**Data excerpts:**
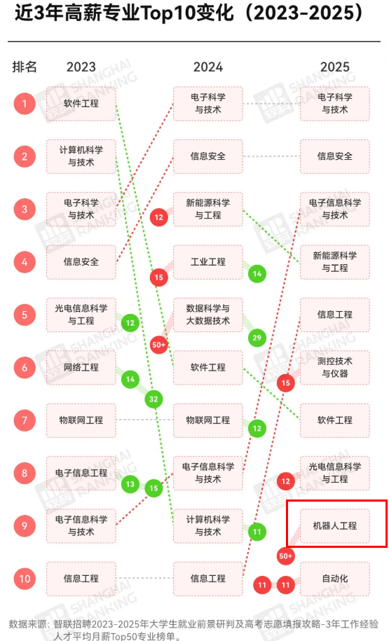 而从行业薪资来看,机器人工程专业正迎来爆发式增长。智联招聘的数据显示,该专业从2023年的50名开外,一路飙升至2025年的第9名,首次跻身高薪Top10。足以见得“机器人+”时代的到来,人形机器人、工业机器人、医疗机器人从概念走向商用,掌握核心技术的人才,自然会成为市场争抢的香饽饽。
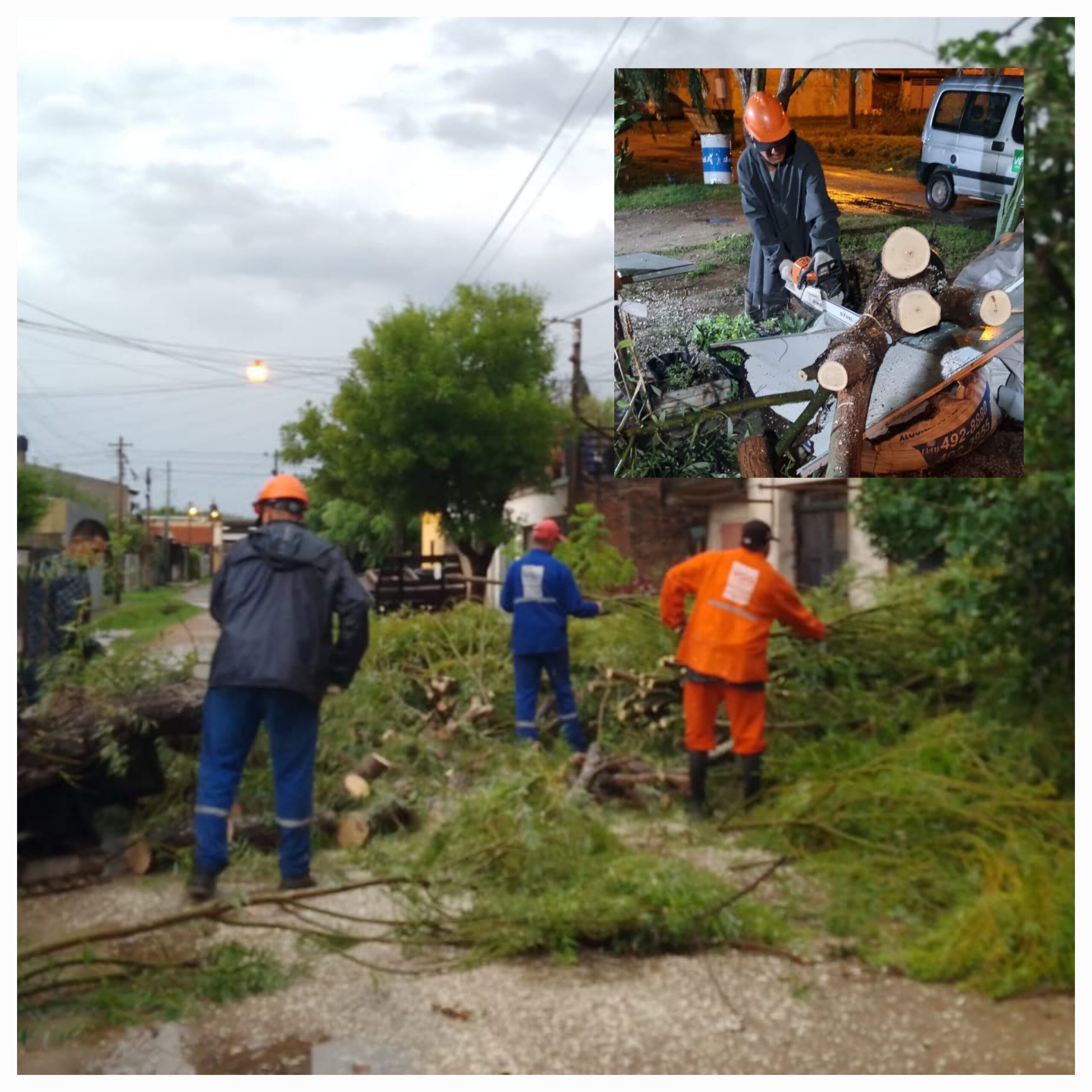 Desde anoche, cuadrillas municipales de las áreas de Servicios Públicos y Control y Convivencia Ciudadana, más Bomberos Voluntarios, la Cooperativa Telefónica y la Cooperativa Integral, trabajan para normalizar la situación lo más pronto posible. Durante el jueves y el viernes, han caído 49 milímetros de agua y se registraron ráfagas de viento de hasta 95 kilómetros por hora.
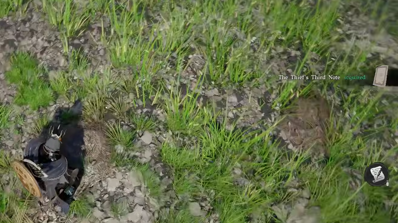 Step 3: Approach each mound until the dig prompt appears, then dig. Continue through the piles until you pull up The Thief's Third Note.
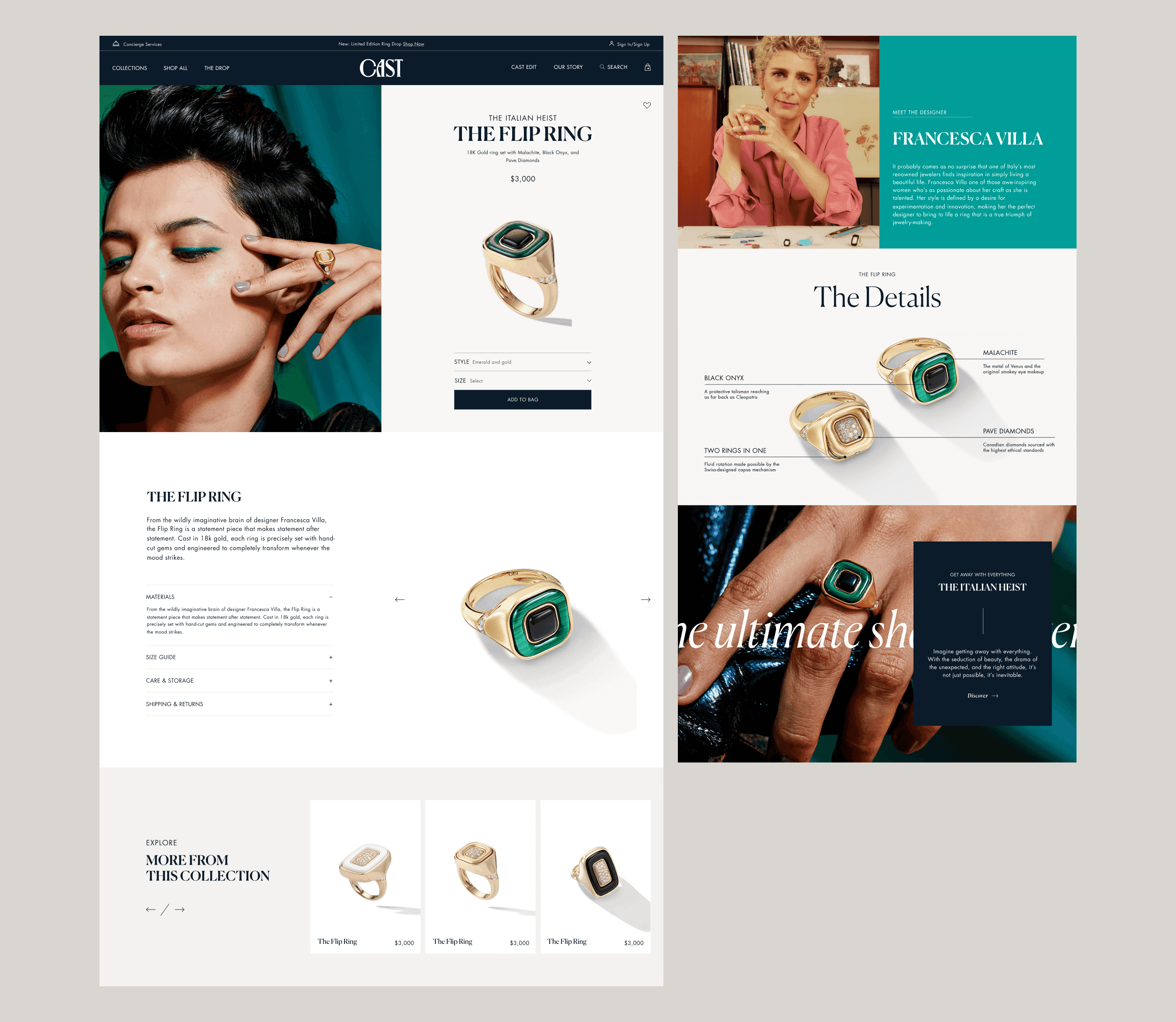 Cast launched its first DTC experience with a clear goal: create an e-commerce site that felt as elevated and electric as the jewelry itself. Beyond showcasing the pieces, the brand needed a platform that honored craftsmanship, ethical production, and the designers whose stories bring each collection to life.
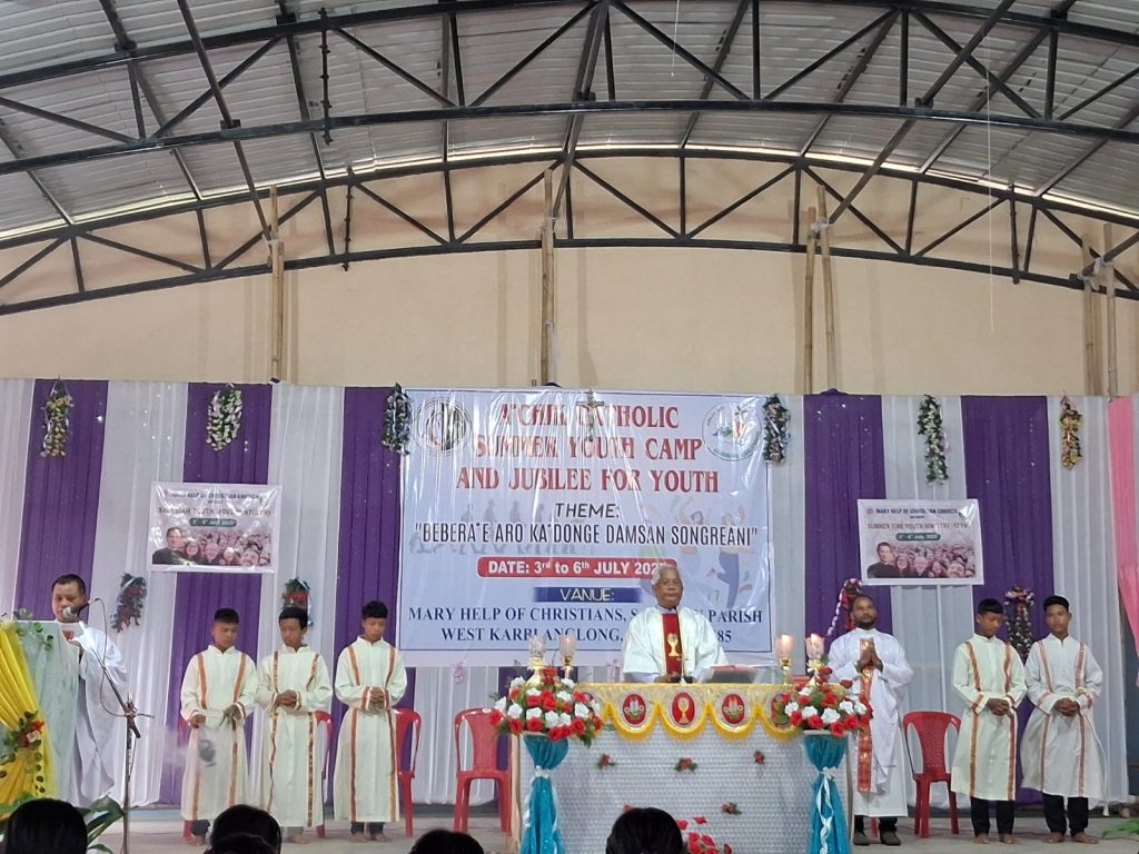 The A•chik Catholic Summer Youth Camp and the Jubilee for Youth of Mary Help of Christians Church, Satgaon, came to a graceful conclusion on Sunday, July 6, 2025. The high note of the grand finale was a solemn Eucharistic celebration in the packed parish auditorium and the symbolic lowering of the youth flag, outdoors.
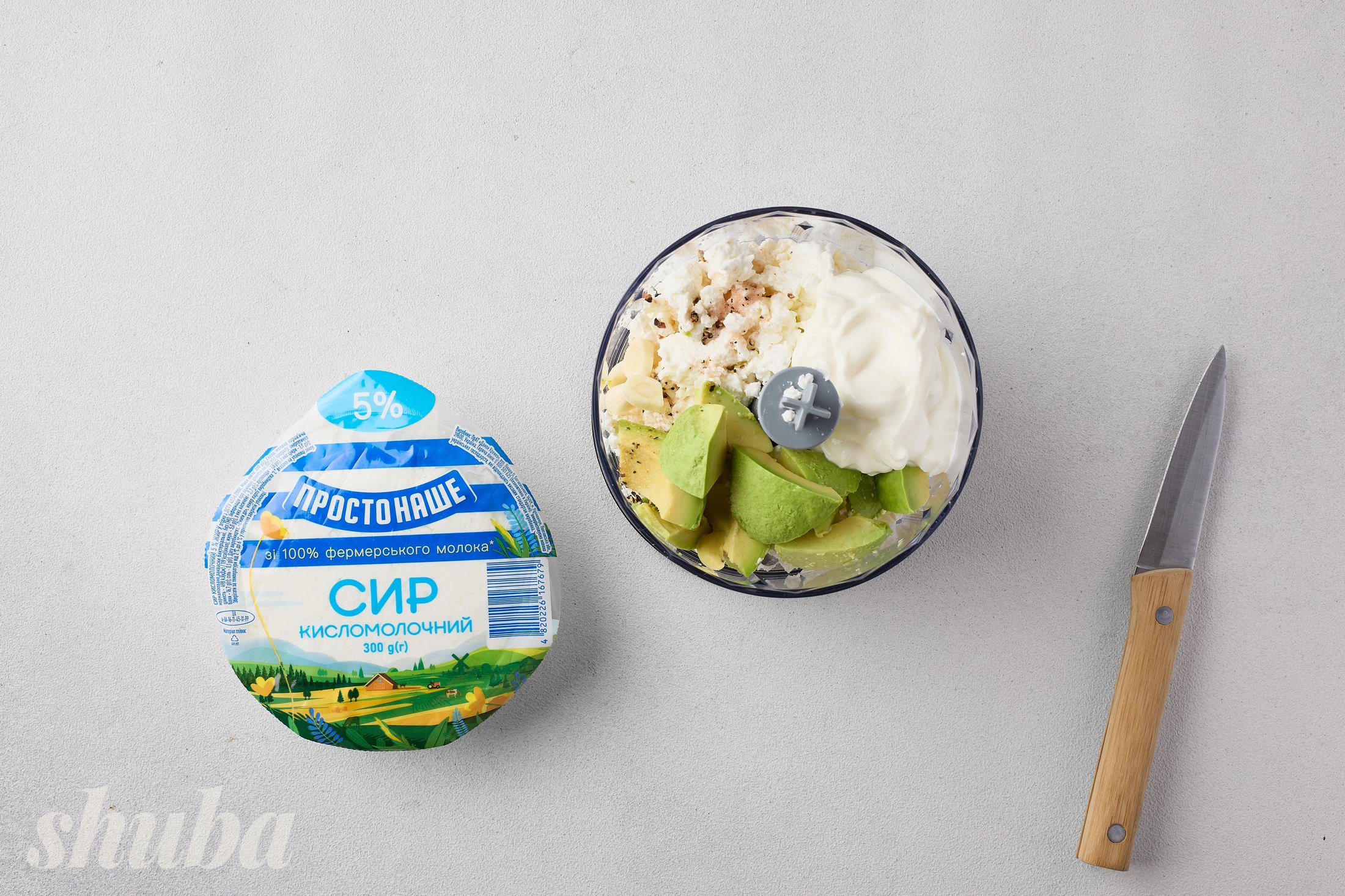 Для сирної намазки важливо використовувати якісний кисломолочний сир з однорідною текстурою. Переконайтеся, що він не занадто кислий. Ми вибрали сир «ПростоНаше» 5%, що ідеально підходить до намазок і паштетів, бо легко перебивається в однорідну кремову масу без крупинок і не віддає зайвої вологи. Така намазка гарно тримає форму на хлібі й не розтікається.
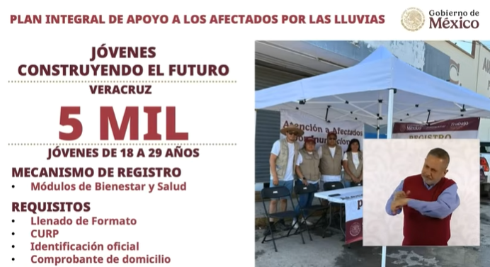 Además de este programa, la funcionaria indicó que cinco mil jóvenes de 18 a 29 años de edad podrán registrarse a Jóvenes Construyendo el Futuro en Poza Rica y Álamo, los municipios más afectados de Veracruz, para labores de limpieza.
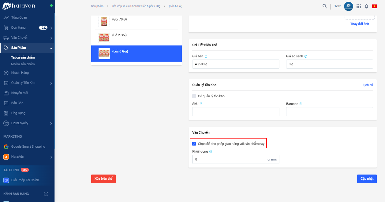 - Trong hộp thoại, bạn check chọn Có giao hàng -> Cậ**p nhật** để hoàn tất
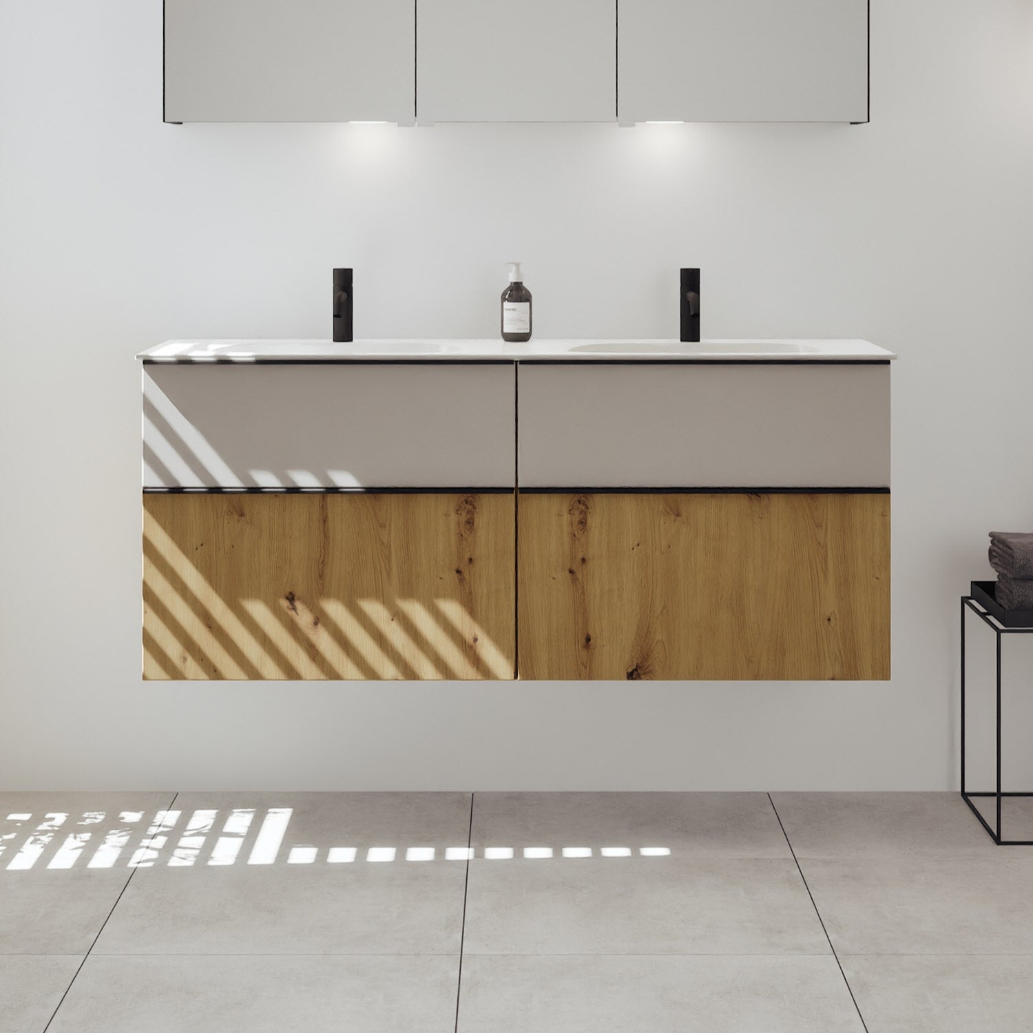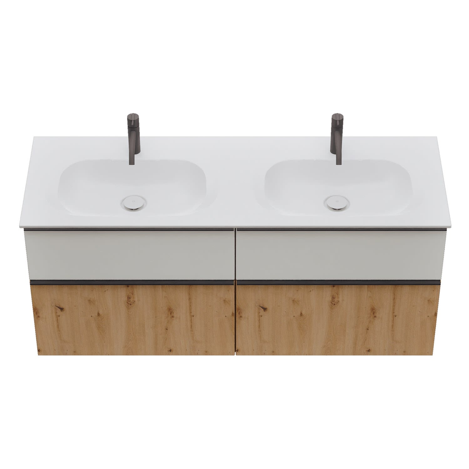 burgbad Fiumo 2.0 Mineralguss-Waschtisch mit Waschtischunterschrank 142 cm, mit Griff G0200
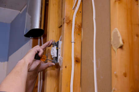 Work on installing electrical outlets with electrical wires and connector installed in plasterboard drywall
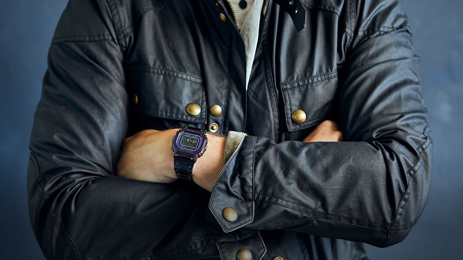 The colored metal components are mirror-finished, but also employ a degree of artistic restraint in a chromatic ode that would have been all to expected to render in a more neon-forward technique. But that restraint only serves to enhance the GMW-B5000PB-6’s charm. Dark blue case buttons and a reversed light-on-dark LCD screen with complementary pops of color seals the deal on this modern interpretation of a classic G-Shock footprint. The idea for the Purple IP began roughly four years ago, but took much trial and error to achieve the ideal tone since blue colors, including purple, are susceptible to color swings due to slight differences in processing conditions. With the GMW-B5000PB, the color has finally seen the light of day.
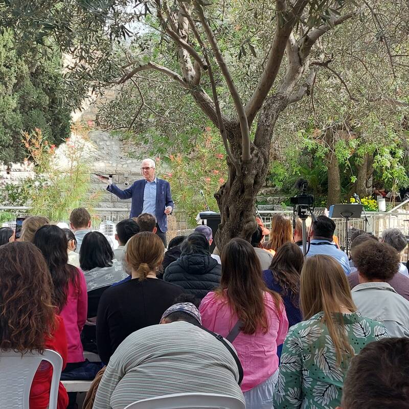 De reis viel samen met de verjaardag van mijn vrouw en van mij. De reis was een soort verjaardagscadeau. Op mijn verjaardag, 7 april 2023, waren we in Jeruzalem. Het was goede vrijdag. De beste manier om deze verjaardag te vieren leek me een kerkdienst bij te wonen in The Garden Tomb, de graftuin net buiten de oude stad bij de Damascuspoort. Die vrijdag was er om negen uur een speciale viering, waarin de eigen pastor Simon Holland voorging. De preek werd dit keer verzorgd door een speciale gast ds. Nicky Gumbel, de man die de Alfacursus heeft ontwikkeld en nu sinds zijn pensionering de hele wereld over zwerft en de Alfacursus verder in de vitrine zet. Hij was met een hele groep in het heilige land gekomen.
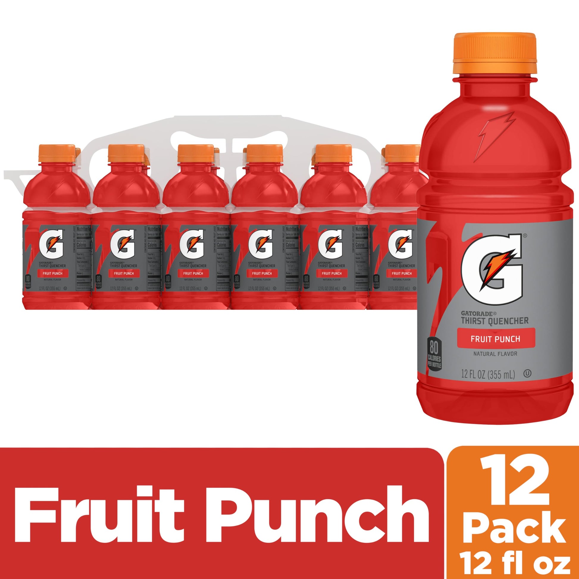 Q: How much liquid is in each bottle of Gatorade Fruit Punch?A: Each bottle of Gatorade Fruit Punch contains 12 Fl Oz (355 mL) of sports drink, making it a convenient size for hydration on-the-go.
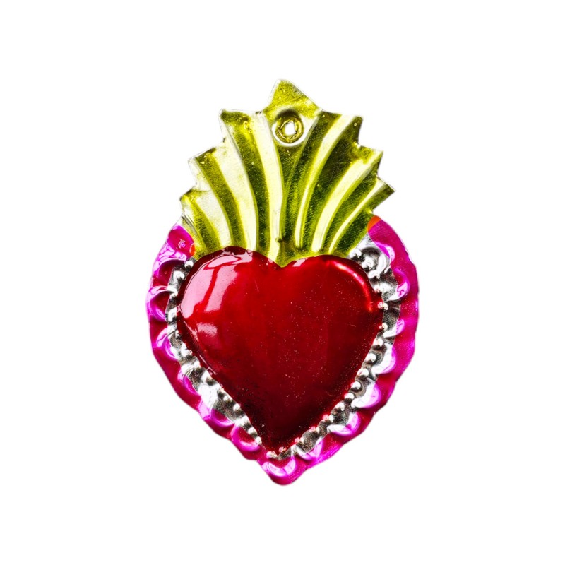 Objet typique de l'artisanat populaire mexicain, le Cœur Sacré (ou ex-voto) est à l'origine offert dans les églises à un saint en demande ou en remerciement d'un vœu exaucé. Véritable porte-bonheur, il incarne toute la ferveur et la tradition du Mexique.
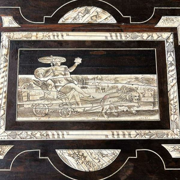 The rectangular table, resting on truncated pyramid-shaped legs, features a richly decorative pattern on its upper surface with intricate details framing two figurative scenes. In the first scene, a half-naked woman is depicted on a small chariot drawn by lions, accompanied by a crocodile, an exotic and mythological symbol. In the second scene, a man is shown on a chariot drawn by dromedaries, evoking an oriental-inspired imagery.
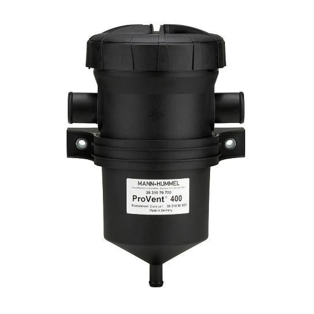 The Mann ProVent 400 is an oil catch can and crankcase breather designed for the latest generation of turbocharged diesel engines. It provides efficient oil separation while allowing oil to be returned, reducing the need to empty a catch can and helping to address blow-by and downstream contamination. The product is noted to assist with meeting new vehicle emissions and ADR laws.

**What to produce:** Your task is to repeat the listing exactly while omitting its pictures.

**Response:**
 而从行业薪资来看,机器人工程专业正迎来爆发式增长。智联招聘的数据显示,该专业从2023年的50名开外,一路飙升至2025年的第9名,首次跻身高薪Top10。足以见得“机器人+”时代的到来,人形机器人、工业机器人、医疗机器人从概念走向商用,掌握核心技术的人才,自然会成为市场争抢的香饽饽。
 Desde anoche, cuadrillas municipales de las áreas de Servicios Públicos y Control y Convivencia Ciudadana, más Bomberos Voluntarios, la Cooperativa Telefónica y la Cooperativa Integral, trabajan para normalizar la situación lo más pronto posible. Durante el jueves y el viernes, han caído 49 milímetros de agua y se registraron ráfagas de viento de hasta 95 kilómetros por hora.
 Step 3: Approach each mound until the dig prompt appears, then dig. Continue through the piles until you pull up The Thief's Third Note.
 Cast launched its first DTC experience with a clear goal: create an e-commerce site that felt as elevated and electric as the jewelry itself. Beyond showcasing the pieces, the brand needed a platform that honored craftsmanship, ethical production, and the designers whose stories bring each collection to life.
 The A•chik Catholic Summer Youth Camp and the Jubilee for Youth of Mary Help of Christians Church, Satgaon, came to a graceful conclusion on Sunday, July 6, 2025. The high note of the grand finale was a solemn Eucharistic celebration in the packed parish auditorium and the symbolic lowering of the youth flag, outdoors.
 Для сирної намазки важливо використовувати якісний кисломолочний сир з однорідною текстурою. Переконайтеся, що він не занадто кислий. Ми вибрали сир «ПростоНаше» 5%, що ідеально підходить до намазок і паштетів, бо легко перебивається в однорідну кремову масу без крупинок і не віддає зайвої вологи. Така намазка гарно тримає форму на хлібі й не розтікається.
 Además de este programa, la funcionaria indicó que cinco mil jóvenes de 18 a 29 años de edad podrán registrarse a Jóvenes Construyendo el Futuro en Poza Rica y Álamo, los municipios más afectados de Veracruz, para labores de limpieza.
 - Trong hộp thoại, bạn check chọn Có giao hàng -> Cậ**p nhật** để hoàn tất
 burgbad Fiumo 2.0 Mineralguss-Waschtisch mit Waschtischunterschrank 142 cm, mit Griff G0200
 Work on installing electrical outlets with electrical wires and connector installed in plasterboard drywall
 The colored metal components are mirror-finished, but also employ a degree of artistic restraint in a chromatic ode that would have been all to expected to render in a more neon-forward technique. But that restraint only serves to enhance the GMW-B5000PB-6’s charm. Dark blue case buttons and a reversed light-on-dark LCD screen with complementary pops of color seals the deal on this modern interpretation of a classic G-Shock footprint. The idea for the Purple IP began roughly four years ago, but took much trial and error to achieve the ideal tone since blue colors, including purple, are susceptible to color swings due to slight differences in processing conditions. With the GMW-B5000PB, the color has finally seen the light of day.
 De reis viel samen met de verjaardag van mijn vrouw en van mij. De reis was een soort verjaardagscadeau. Op mijn verjaardag, 7 april 2023, waren we in Jeruzalem. Het was goede vrijdag. De beste manier om deze verjaardag te vieren leek me een kerkdienst bij te wonen in The Garden Tomb, de graftuin net buiten de oude stad bij de Damascuspoort. Die vrijdag was er om negen uur een speciale viering, waarin de eigen pastor Simon Holland voorging. De preek werd dit keer verzorgd door een speciale gast ds. Nicky Gumbel, de man die de Alfacursus heeft ontwikkeld en nu sinds zijn pensionering de hele wereld over zwerft en de Alfacursus verder in de vitrine zet. Hij was met een hele groep in het heilige land gekomen.
 Q: How much liquid is in each bottle of Gatorade Fruit Punch?A: Each bottle of Gatorade Fruit Punch contains 12 Fl Oz (355 mL) of sports drink, making it a convenient size for hydration on-the-go.
 Objet typique de l'artisanat populaire mexicain, le Cœur Sacré (ou ex-voto) est à l'origine offert dans les églises à un saint en demande ou en remerciement d'un vœu exaucé. Véritable porte-bonheur, il incarne toute la ferveur et la tradition du Mexique.
 The rectangular table, resting on truncated pyramid-shaped legs, features a richly decorative pattern on its upper surface with intricate details framing two figurative scenes. In the first scene, a half-naked woman is depicted on a small chariot drawn by lions, accompanied by a crocodile, an exotic and mythological symbol. In the second scene, a man is shown on a chariot drawn by dromedaries, evoking an oriental-inspired imagery.
 The Mann ProVent 400 is an oil catch can and crankcase breather designed for the latest generation of turbocharged diesel engines. It provides efficient oil separation while allowing oil to be returned, reducing the need to empty a catch can and helping to address blow-by and downstream contamination. The product is noted to assist with meeting new vehicle emissions and ADR laws.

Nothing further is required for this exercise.